Consultation, as we have seen in a much earlier post, is a group process of reflection complementary to our work of reflection as individuals. Mindful awareness and detachment is at the heart of both ways of experiencing our inner, outer and social worlds.
In its exhortation to us to grasp the total vision, not just fragments of it, the House is also pointing up the traps of language we could fall into by turning guidance which is rich in implications into one-dimensional slogans. They are, in a sense, reminding us that we could end up in a hole as bad as that from which we wish to climb and as a result fall far short of the whole to which they are urging us to aspire (paragraph 37, already quoted in full in an earlier post):
. . . . achievements tend to be more enduring in those regions where the friends strive to understand the totality of the vision conveyed in the messages, while difficulties often arise when phrases and sentences are taken out of context and viewed as isolated fragments.

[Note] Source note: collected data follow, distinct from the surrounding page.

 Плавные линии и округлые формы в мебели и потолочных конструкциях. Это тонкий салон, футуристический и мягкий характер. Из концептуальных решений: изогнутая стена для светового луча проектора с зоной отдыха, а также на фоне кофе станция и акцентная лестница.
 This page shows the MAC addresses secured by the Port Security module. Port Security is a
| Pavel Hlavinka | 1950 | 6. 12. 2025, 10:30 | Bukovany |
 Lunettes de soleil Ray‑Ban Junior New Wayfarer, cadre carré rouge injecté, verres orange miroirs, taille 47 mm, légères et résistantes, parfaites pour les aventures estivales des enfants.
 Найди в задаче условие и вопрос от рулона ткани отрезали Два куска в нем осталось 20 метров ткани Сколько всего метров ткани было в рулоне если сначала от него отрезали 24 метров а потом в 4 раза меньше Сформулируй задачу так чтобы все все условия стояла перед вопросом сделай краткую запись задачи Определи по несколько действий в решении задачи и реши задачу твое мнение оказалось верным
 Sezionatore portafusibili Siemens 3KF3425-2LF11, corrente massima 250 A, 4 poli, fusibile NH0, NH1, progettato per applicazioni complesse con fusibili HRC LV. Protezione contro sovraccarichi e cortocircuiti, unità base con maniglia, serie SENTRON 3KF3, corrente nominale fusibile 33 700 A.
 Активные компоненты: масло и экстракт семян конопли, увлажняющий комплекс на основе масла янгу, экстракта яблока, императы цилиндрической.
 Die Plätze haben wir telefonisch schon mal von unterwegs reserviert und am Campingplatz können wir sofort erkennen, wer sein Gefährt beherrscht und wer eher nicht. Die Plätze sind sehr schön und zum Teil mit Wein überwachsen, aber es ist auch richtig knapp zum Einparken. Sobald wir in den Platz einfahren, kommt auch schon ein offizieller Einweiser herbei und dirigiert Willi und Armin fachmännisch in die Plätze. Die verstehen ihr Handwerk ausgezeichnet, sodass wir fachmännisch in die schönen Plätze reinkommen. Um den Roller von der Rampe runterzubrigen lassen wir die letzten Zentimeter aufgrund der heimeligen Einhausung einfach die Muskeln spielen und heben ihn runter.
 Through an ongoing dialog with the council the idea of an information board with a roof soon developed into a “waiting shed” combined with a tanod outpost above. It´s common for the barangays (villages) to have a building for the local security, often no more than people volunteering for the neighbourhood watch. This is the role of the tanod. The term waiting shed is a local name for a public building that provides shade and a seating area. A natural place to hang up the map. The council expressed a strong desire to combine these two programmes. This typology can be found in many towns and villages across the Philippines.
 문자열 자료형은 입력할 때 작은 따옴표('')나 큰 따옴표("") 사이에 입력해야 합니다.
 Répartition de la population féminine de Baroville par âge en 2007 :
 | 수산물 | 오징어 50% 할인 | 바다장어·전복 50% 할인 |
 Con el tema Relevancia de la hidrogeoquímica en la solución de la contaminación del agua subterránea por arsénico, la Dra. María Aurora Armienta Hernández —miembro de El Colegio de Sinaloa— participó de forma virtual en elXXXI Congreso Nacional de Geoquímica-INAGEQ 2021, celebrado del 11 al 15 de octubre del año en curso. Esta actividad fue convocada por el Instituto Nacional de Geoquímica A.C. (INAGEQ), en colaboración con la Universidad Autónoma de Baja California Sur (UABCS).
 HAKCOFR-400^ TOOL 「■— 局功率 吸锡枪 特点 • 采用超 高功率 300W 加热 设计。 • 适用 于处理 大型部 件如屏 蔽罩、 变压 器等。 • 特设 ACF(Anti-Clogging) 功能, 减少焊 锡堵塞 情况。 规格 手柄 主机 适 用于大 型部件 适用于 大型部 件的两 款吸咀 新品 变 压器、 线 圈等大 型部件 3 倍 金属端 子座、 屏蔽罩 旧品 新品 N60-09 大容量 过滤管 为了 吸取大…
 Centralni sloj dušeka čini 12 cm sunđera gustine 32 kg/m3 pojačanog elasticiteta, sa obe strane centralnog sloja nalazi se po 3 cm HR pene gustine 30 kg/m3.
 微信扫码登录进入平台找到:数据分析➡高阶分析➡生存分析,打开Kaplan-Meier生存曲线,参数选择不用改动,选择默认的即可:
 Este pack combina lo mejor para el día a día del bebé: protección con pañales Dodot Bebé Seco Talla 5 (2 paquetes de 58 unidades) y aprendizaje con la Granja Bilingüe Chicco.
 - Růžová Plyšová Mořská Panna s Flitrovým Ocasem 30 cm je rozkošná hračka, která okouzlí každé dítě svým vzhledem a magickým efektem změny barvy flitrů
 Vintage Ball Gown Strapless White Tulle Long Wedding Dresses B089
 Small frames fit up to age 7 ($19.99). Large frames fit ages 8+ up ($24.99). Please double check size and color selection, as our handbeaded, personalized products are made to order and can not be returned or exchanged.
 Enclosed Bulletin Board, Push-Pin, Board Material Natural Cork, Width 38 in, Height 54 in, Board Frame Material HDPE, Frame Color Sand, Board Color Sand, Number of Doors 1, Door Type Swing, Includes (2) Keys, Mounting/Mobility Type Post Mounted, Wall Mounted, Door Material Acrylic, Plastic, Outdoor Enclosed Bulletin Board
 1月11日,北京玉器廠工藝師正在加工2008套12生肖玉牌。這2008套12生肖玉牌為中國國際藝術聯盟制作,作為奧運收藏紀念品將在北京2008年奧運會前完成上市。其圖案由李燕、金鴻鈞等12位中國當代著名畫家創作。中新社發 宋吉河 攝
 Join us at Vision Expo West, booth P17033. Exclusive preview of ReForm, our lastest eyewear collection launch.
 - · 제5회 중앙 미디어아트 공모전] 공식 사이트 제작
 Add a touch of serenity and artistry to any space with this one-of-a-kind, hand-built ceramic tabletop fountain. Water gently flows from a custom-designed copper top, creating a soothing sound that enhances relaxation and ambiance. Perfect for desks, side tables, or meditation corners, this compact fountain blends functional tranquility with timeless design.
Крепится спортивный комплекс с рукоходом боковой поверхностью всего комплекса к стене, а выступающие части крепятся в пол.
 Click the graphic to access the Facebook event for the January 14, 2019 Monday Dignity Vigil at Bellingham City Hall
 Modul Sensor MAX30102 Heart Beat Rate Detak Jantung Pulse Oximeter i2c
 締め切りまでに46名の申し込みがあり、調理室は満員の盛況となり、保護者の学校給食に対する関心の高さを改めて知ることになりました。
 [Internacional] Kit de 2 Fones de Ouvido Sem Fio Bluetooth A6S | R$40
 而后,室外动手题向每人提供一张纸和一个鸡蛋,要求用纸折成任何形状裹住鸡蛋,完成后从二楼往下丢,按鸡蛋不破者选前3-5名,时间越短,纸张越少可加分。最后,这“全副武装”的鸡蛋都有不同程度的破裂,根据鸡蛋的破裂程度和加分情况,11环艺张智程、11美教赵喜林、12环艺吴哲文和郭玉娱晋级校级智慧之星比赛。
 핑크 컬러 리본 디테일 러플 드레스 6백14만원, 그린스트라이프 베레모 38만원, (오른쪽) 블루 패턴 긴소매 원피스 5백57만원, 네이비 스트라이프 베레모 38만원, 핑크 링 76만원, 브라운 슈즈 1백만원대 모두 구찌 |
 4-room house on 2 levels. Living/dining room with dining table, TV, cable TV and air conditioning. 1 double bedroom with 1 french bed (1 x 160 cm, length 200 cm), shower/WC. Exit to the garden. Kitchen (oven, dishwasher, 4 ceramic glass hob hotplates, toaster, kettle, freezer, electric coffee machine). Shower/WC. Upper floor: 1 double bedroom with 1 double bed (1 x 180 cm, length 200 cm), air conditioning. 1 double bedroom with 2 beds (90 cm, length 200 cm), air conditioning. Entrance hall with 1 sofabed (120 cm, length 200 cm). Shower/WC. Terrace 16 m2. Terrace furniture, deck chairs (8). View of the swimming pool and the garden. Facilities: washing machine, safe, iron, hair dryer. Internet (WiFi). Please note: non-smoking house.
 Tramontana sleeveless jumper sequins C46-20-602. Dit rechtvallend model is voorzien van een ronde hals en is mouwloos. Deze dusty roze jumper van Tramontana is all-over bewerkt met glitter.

Seeing things as a whole is a right-brain gift that our left-brain culture in the West has taught us not to value. It seems to me that a book like the one about ACT can help us redress that imbalance if we are prepared to make the effort, and enable us to reach behind the wall of words and touch something closer to reality. If we do not make such an effort the complex coherence of texts such as those the Universal House of Justice creates will forever be beyond our understanding in practice, and, if so, we will be handicapped in our most important work and this will seriously delay us in helping to heal a broken world.
This is work that will not wait. I am hoping that writing my way towards understanding, on top of trying to put it into practice, will speed up my learning process. I also hope that by sharing it in this way I am at the very least not slowing you down in this work as you read.